§ **Data below**:
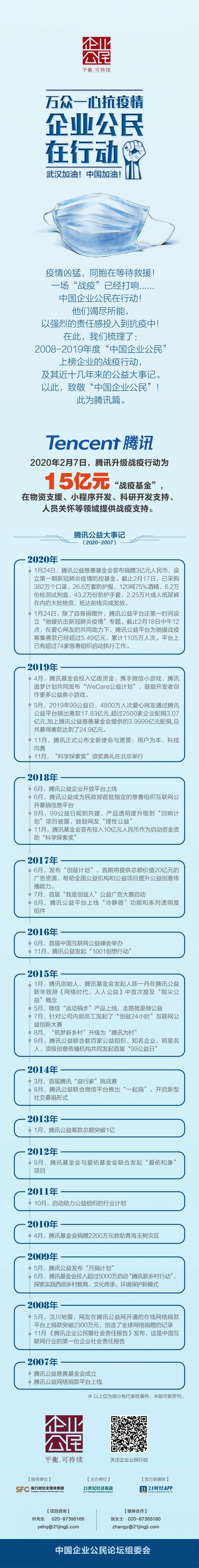15亿元“战疫基金”!腾讯升级战“疫”行动丨企业公民在行动
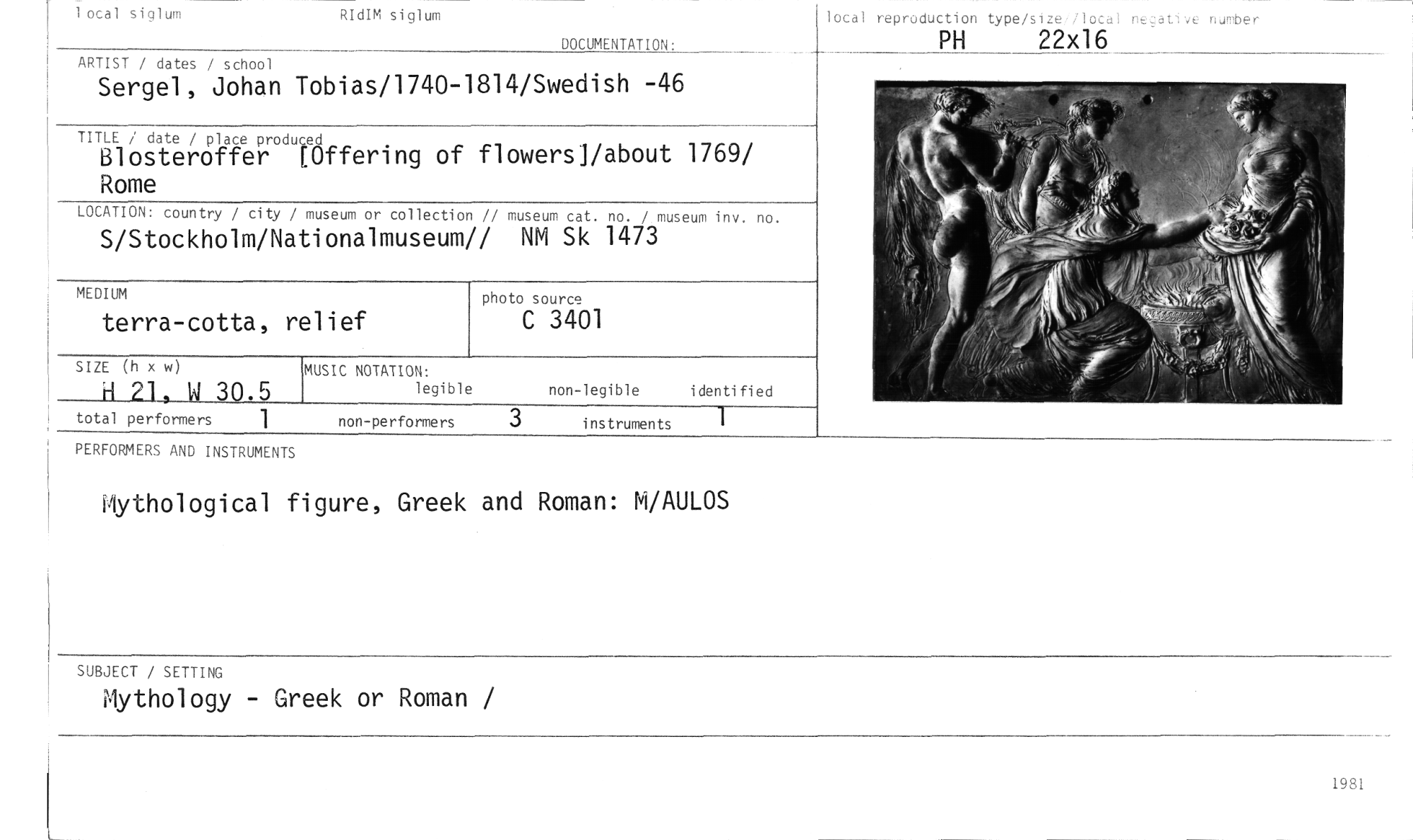//// 1 ocal siglum //// RIdIM siglum //// DOCUMENTATION: //// lotal reproduction type/size /lotal negative number //// PH 22x16 //// ARTIST / dates / school //// Sergel, Johan Tobias/1740-1814/Swedish -46 //// TITLE / date / place produced //// Blosteroffer [Offering of flowersi/about 1769/ Rome //// photo source //// C 3401 //// SIZE (h x w) //// H 21, W 30.5 //// total performers 1 //// MEDIUM //// terra-cotta, r elief //// MUSIC NOTATION: //// legible non-legible identified //// non-performers 3 instruments 1 //// LOCATION: country / city / museum or collection // museum cat. no. / museum inv. no. //// S/Stockholm/Na tionalmuseum// NM Sk 1473 //// PERFORMERS AND INSTRUMENTS //// Mythological figure, Greek and Roman: M/AULOS //// SUBJECT / SETTING //// Mythology - Greek or Roman / //// 1981 ////
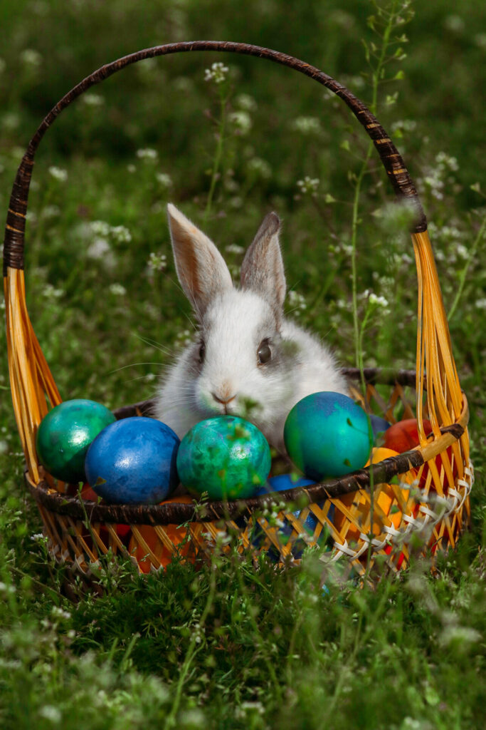 Am făcut o primă ședință foto în coșulețe, între flori, de Paște, cu cei doi. Cu greu am prins un moment perfect. Nu știu dacă ați încercat vreodată să faceți poze la animăluțe, e o provocare. Dar la iepuri? Succes!
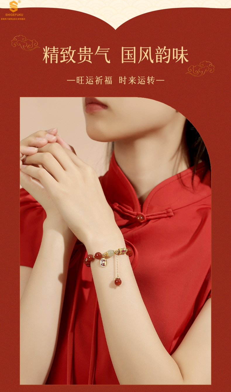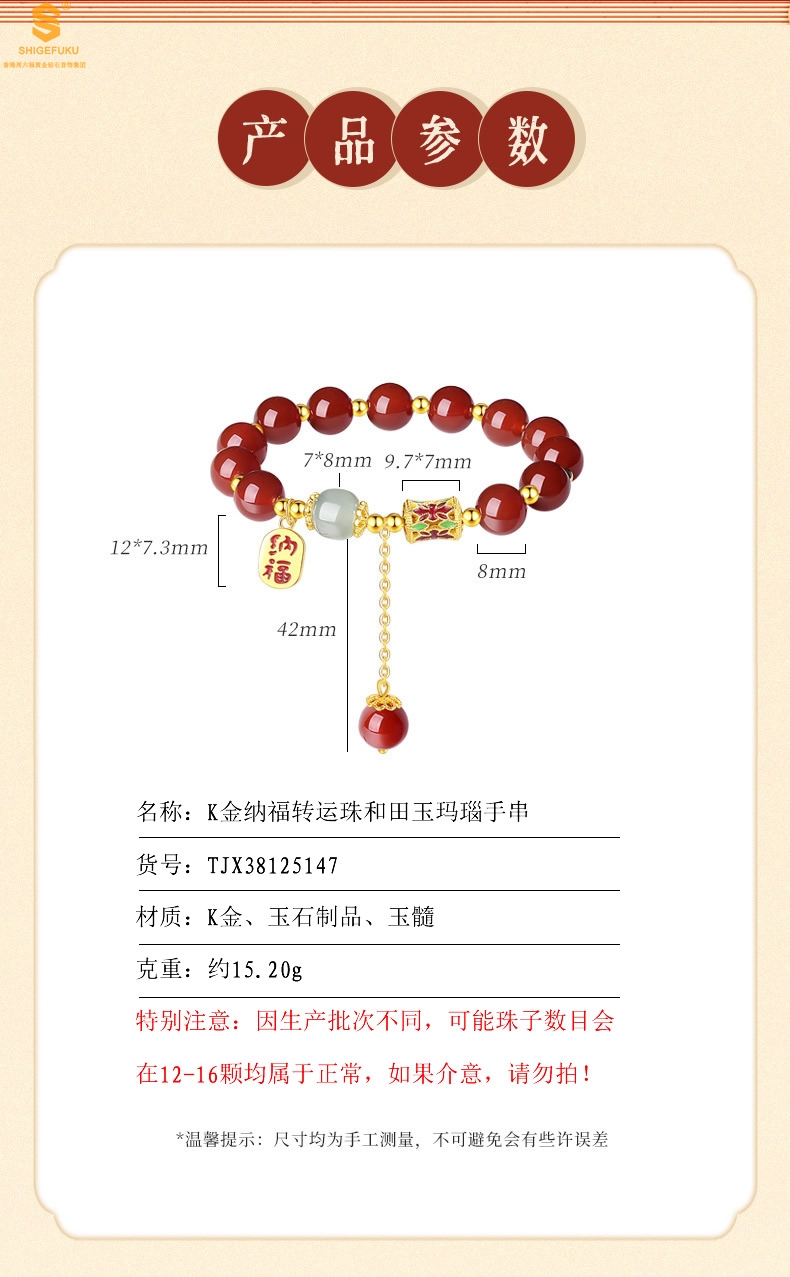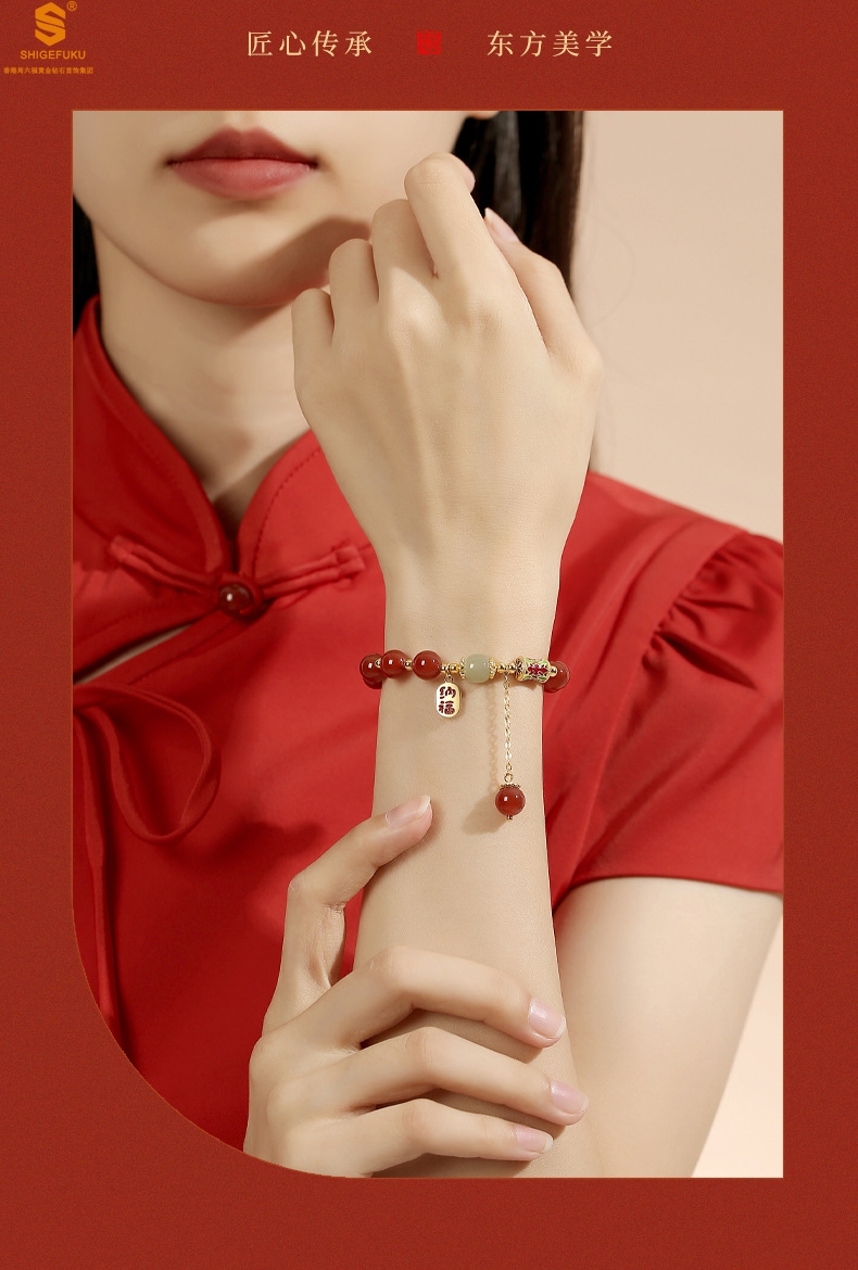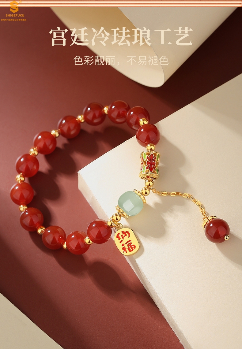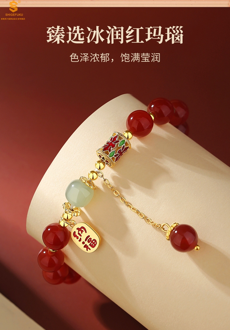 【品名】K金纳福转运珠和田玉玛瑙手串

§ **Exercise details**: The answer is the lines above, word for word, from the first one through the one containing "Roman / //// 1981 ////"; it includes no pictures.

§ **Task result**:
15亿元“战疫基金”!腾讯升级战“疫”行动丨企业公民在行动
//// 1 ocal siglum //// RIdIM siglum //// DOCUMENTATION: //// lotal reproduction type/size /lotal negative number //// PH 22x16 //// ARTIST / dates / school //// Sergel, Johan Tobias/1740-1814/Swedish -46 //// TITLE / date / place produced //// Blosteroffer [Offering of flowersi/about 1769/ Rome //// photo source //// C 3401 //// SIZE (h x w) //// H 21, W 30.5 //// total performers 1 //// MEDIUM //// terra-cotta, r elief //// MUSIC NOTATION: //// legible non-legible identified //// non-performers 3 instruments 1 //// LOCATION: country / city / museum or collection // museum cat. no. / museum inv. no. //// S/Stockholm/Na tionalmuseum// NM Sk 1473 //// PERFORMERS AND INSTRUMENTS //// Mythological figure, Greek and Roman: M/AULOS //// SUBJECT / SETTING //// Mythology - Greek or Roman / //// 1981 ////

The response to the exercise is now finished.